Figure 6 is an exploded perspective view of a connector assembly, according to some alternate embodiments suitable for a medical electrical lead with true bipolar sensing, for example, as described above, in conjunction with Figure 1 B. With reference to Figure 6, the connector assembly includes a proximal subassembly 610 and a middle subassembly 650, which are positioned and sized for a nesting assembly together with one another, and with one of the two above-described distal subassemblies 320, 520. Figure 6 illustrates each of proximal subassembly 610 and middle subassembly 650 including a corresponding insulation segment 615, 655 and a corresponding conductive segment 617, 657, wherein each sealing surface ss1 , ss2 and a corresponding junction portion 661 , 665 is integrally formed from the corresponding bulk of insulative material (insulation segments 615, 655), and each contact surface cs1 , cs2 is integrally formed and electrically common with a corresponding shank 681 , 685, each of which has a proximal portion extending beneath the corresponding junction portion 661 , 665 (shown with dashed lines). Figure 6 further illustrates the connector assembly including a first coiled conductor 601 , which is mounted around and coupled to a distal portion of shank 681 of proximal subassembly 610, and a second coiled conductor 602 which is mounted around and coupled to a distal portion of shank 685 of middle subassembly 650. Like the above-described shanks 278, 578, the distal portion of each of shanks 681 , 685 may have a tapering profile to facilitate the mounting of the corresponding conductor 601 , 602.

According to the illustrated embodiment, when middle subassembly 650 is assembled together with proximal subassembly 610, second sealing surface ss2 is bonded to junction portion 661 and abuts first contact surface cs1 , shank 681 extends within a lumen of middle subassembly 650, and first coiled conductor 601 extends within a lumen of second coiled conductor 602. Although not shown, each of coiled conductors 601 , 602 includes insulation for electrical isolation, for example, an insulative sleeve that extends around each and/or a jacket of insulation formed around individual wire filars thereof. Furthermore, with reference back to Figure 2C, a portion of a lumen of proximal subassembly 610 that extends beneath first sealing surface ss1 may be configured like proximal lumen 250 of proximal subassembly 210, for example, to accommodate the assembly therewith of terminal connector pin 1 10, retainer 360, conductor 301 and insulative sleeve 41 of the inner assembly described in conjunction with Figures 2C, 3 and 4B.
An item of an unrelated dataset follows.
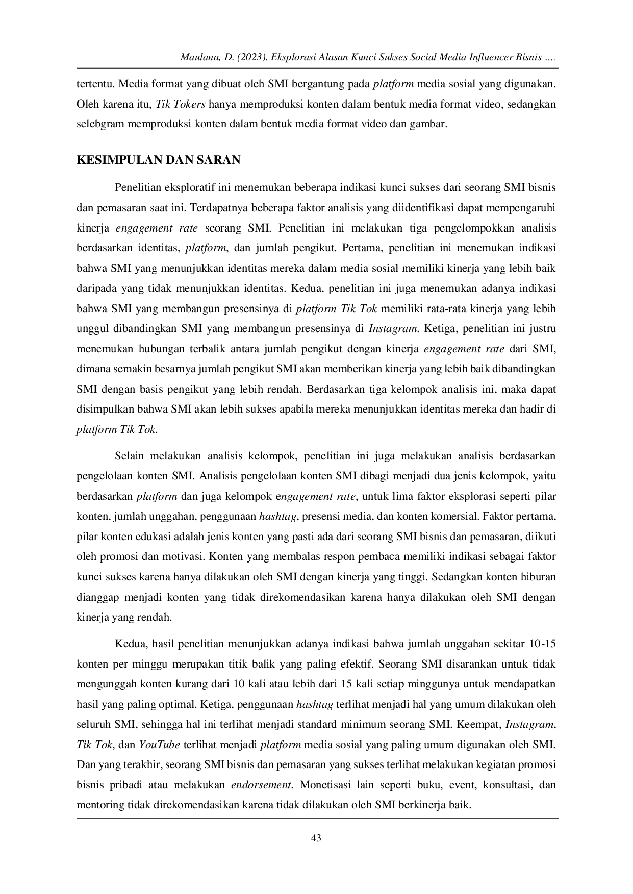 Penelitian eksploratif ini menemukan beberapa indikasi kunci sukses dari seorang SMI bisnis dan pemasaran saat ini.Terdapatnya beberapa faktor analisis yang diidentifikasi dapat mempengaruhi kinerja engagement rate seorang SMI.Penelitian ini melakukan tiga pengelompokkan analisis berdasarkan identitas, platform, dan jumlah pengikut.Pertama, penelitian ini menemukan indikasi bahwa SMI yang menunjukkan identitas mereka dalam media sosial memiliki kinerja yang lebih baik daripada yang tidak menunjukkan identitas.Kedua, penelitian ini juga menemukan adanya indikasi bahwa SMI yang membangun presensinya di platform Tik Tok memiliki rata-rata kinerja yang lebih unggul dibandingkan SMI yang membangun presensinya di Instagram.Ketiga, penelitian ini justru menemukan hubungan terbalik antara jumlah pengikut dengan kinerja engagement rate dari SMI, dimana semakin besarnya jumlah pengikut SMI akan memberikan kinerja yang lebih baik dibandingkan SMI dengan basis pengikut yang lebih rendah.Berdasarkan tiga kelompok analisis ini, maka dapat disimpulkan bahwa SMI akan lebih sukses apabila mereka menunjukkan identitas mereka dan hadir di platform Tik Tok.

With further reference to Figure 6, when the connector assembly includes distal subassembly 320, assembled per arrow A, adjacent to middle subassembly 650, third contact surface cs3 is inactive, as described above in conjunction with Figures 4A-B; but, when the connector assembly includes distal subassembly 520, assembled per arrow B, adjacent to middle subassembly 650, third contact surface cs3 is active. Figure 6 illustrates a third coiled conductor 603 mounted around shank 578 of distal subassembly 520, for example, to couple third contact surface cs3, via conductor 303, to optional second high voltage stimulation electrode hse2 in lead 100 of Figure 1A, as described above in conjunction with Figure 5. In the completed connector assembly, third sealing surface ss3 of either distal subassembly 320, 520 is bonded to junction portion 665 of middle subassembly 650 so that third sealing surface ss3 abuts second contact surface cs2, and an entirety of each of the first, second, and third contact surfaces cs1 - cs3, and of each of the first, second, third, and fourth sealing surfaces ss1 -ss4 defines the above-described uniform outer diameter D for the connector assembly. Finally, with reference back to Figure 4A, when distal subassembly 320 is employed in the connector assembly of Figure 6, optional strain relief tubing 406 may also be employed in conjunction therewith, as described above.

In the foregoing detailed description, the invention has been described with reference to specific embodiments. However, it may be appreciated that various modifications and changes can be made without departing from the scope of the invention as set forth in the appended claims.